Выбрать главу

He certainly did seem unable to concentrate his mind, and at the same time he seemed, as it were, softened.

“I have no need to dream and brood now; it’s enough for me, now, that I have you! I will follow you!” I said, dedicating myself to him with my whole heart.

“Follow me? But my wanderings are just over, they have ended to-day: you are too late, my dear boy. To-day is the end of the last act, and the curtain has gone down. This last act has dragged on long. It began very long ago — the last time I rushed off abroad. I threw up everything then, and you must know, my dear, I broke off all relations for good with your mother, and told her I was doing so myself. That you ought to know. I told her then I was going away for ever; that she would never see me again. What was worst of all, I even forgot to leave her any money. I did not think of you either, not for one minute. I went away meaning to remain in Europe and never to return home, my dear. I emigrated.”

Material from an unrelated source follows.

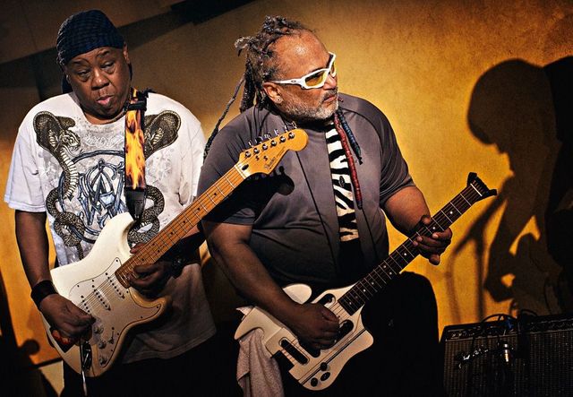 Von Clinton ist noch nichts zu sehen, aber einer seiner Gitarristen taucht auf. Oft sind Musiker wenig erfreut, wenn sie von Fans angequatscht werden, hier ist das anders. Als ich den Gitarristen anspreche, stellt sich heraus, dass es sich um Garry Shider Jr. handelt, den Sohn des legendären Garry Shider, in den Siebzigerjahren eine der prägenden Figuren des P-Funk-Kosmos. »Ich war schon mit George auf Tour, bevor ich laufen konnte«, erzählt er. Als sein Vater vor vier Jahren an Krebs starb, nahm er dessen Platz bei den P-Funk All Stars ein: »Wir sind eine große Familie.«
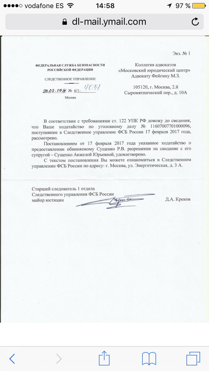 В російському ФСБ запит Фейгіна на побачення Романа Сущенко з дружиною задовольнили 17 лютого 2017 року.

“To Herzen? To take part in the revolutionary propaganda abroad? Probably all your life you have been taking part in political conspiracies?” I cried, unable to restrain myself.

“No, my dear, I’ve never taken part in any conspiracy. But how your eyes sparkle; I like your exclamations, my dear. No, I simply went away then from a sudden attack of melancholy. It was the typical melancholy of the Russian nobleman, I really don’t know how to describe it better. The melancholy of our upper class, and nothing else.”

“Of the serf-owner . . . the emancipation of the serfs,” I was beginning to mutter, breathless.

“Serf-owner? You think I was grieving for the loss of it? That I could not endure the emancipation of the serfs. Oh no, my boy; why, we were all for the emancipation. I emigrated with no resentful feeling. I had only just been a mediator, and exerted myself to the utmost, I exerted myself disinterestedly, and I did not even go away because I got very little for my liberalism. We none of us got anything in those days, that is to say again, not those that were like me. I went away more in pride than in penitence, and, believe me, I was far from imagining that the time had come for me to end my life as a modest shoemaker. Je suis gentilhomme avant tout et je mourrai gentilhomme! Yet all the same I was sad. There are, perhaps, a thousand of my sort in Russia, no more perhaps really, but you know that is quite enough to keep the idea alive. We are the bearers of the idea, my dear boy! . . . I am talking, my darling, in the strange hope that you may understand this rigmarole. I’ve brought you here acting on a caprice of the heart: I’ve long been dreaming of how I might tell you something . . . you, and no one else. However . . . however . . .”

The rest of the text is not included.